_PROBLEM TO SOLVE_
The output consists only of the lines from the one with "Für Privatkunden Komposittarife" through the end of the records, each printed exactly, and contains no pictures.

_PROVIDED MATERIAL_
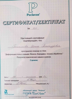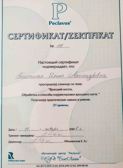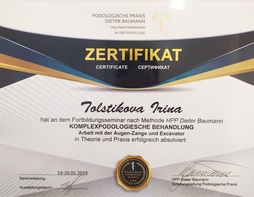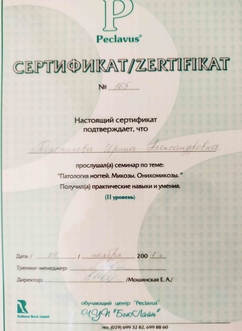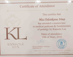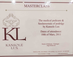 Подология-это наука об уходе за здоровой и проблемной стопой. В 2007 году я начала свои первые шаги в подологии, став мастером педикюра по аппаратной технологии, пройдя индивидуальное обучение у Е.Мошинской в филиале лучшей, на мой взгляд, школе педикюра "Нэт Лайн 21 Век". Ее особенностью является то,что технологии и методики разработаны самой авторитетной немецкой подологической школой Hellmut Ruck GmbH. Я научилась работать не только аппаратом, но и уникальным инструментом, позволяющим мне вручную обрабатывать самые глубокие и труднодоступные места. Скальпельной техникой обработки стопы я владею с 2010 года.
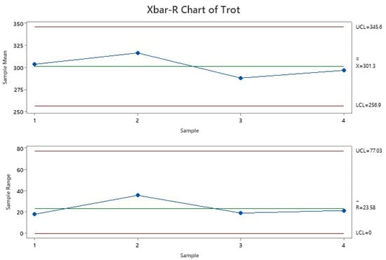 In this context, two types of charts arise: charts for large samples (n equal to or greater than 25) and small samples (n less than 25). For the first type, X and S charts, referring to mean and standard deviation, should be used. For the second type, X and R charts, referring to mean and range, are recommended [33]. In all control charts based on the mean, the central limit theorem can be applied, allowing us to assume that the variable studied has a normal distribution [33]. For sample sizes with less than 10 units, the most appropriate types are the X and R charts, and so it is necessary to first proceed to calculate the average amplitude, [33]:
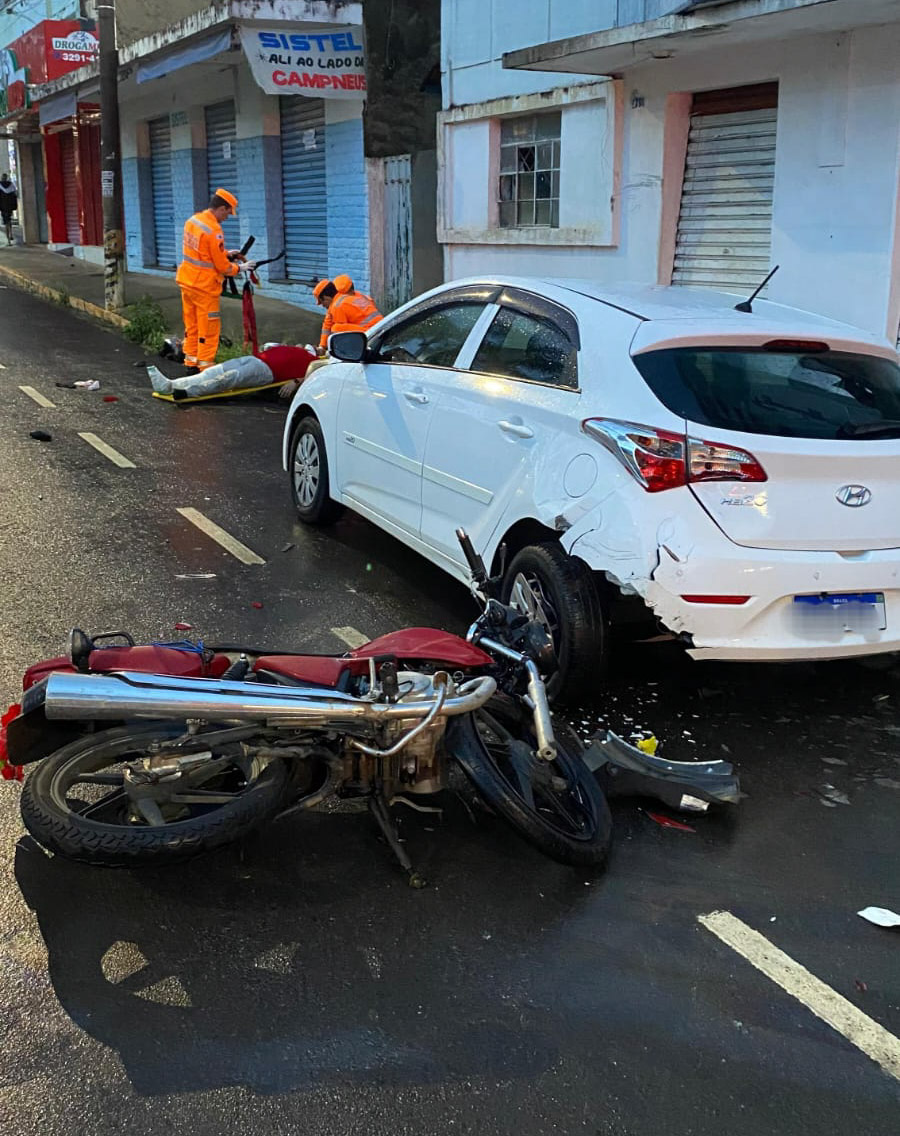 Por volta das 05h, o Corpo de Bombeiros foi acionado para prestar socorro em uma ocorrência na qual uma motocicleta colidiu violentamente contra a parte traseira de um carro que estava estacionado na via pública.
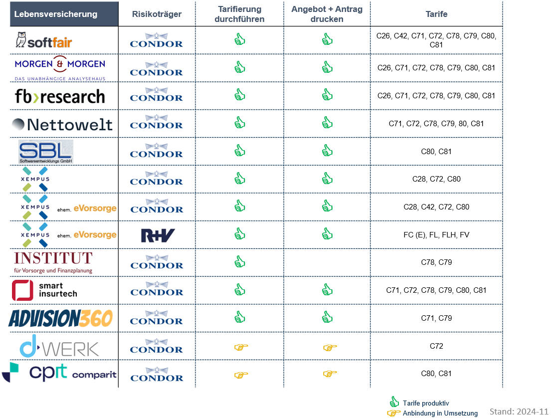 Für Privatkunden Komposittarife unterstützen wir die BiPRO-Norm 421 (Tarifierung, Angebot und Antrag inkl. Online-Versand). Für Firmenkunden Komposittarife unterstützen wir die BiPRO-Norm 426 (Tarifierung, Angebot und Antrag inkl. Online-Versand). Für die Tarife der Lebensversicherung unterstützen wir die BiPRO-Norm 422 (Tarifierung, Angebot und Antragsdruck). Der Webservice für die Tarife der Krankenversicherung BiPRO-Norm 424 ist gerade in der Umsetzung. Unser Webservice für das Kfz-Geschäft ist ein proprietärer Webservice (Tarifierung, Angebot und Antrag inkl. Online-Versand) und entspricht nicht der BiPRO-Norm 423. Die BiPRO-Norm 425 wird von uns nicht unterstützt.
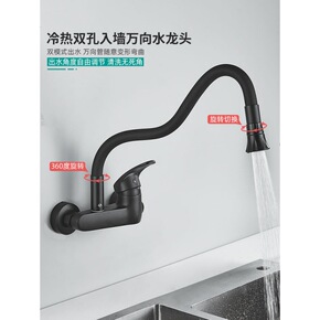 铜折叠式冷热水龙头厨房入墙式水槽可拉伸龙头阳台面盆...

_SOLUTION TO THIS PROBLEM_
 Für Privatkunden Komposittarife unterstützen wir die BiPRO-Norm 421 (Tarifierung, Angebot und Antrag inkl. Online-Versand). Für Firmenkunden Komposittarife unterstützen wir die BiPRO-Norm 426 (Tarifierung, Angebot und Antrag inkl. Online-Versand). Für die Tarife der Lebensversicherung unterstützen wir die BiPRO-Norm 422 (Tarifierung, Angebot und Antragsdruck). Der Webservice für die Tarife der Krankenversicherung BiPRO-Norm 424 ist gerade in der Umsetzung. Unser Webservice für das Kfz-Geschäft ist ein proprietärer Webservice (Tarifierung, Angebot und Antrag inkl. Online-Versand) und entspricht nicht der BiPRO-Norm 423. Die BiPRO-Norm 425 wird von uns nicht unterstützt.
 铜折叠式冷热水龙头厨房入墙式水槽可拉伸龙头阳台面盆...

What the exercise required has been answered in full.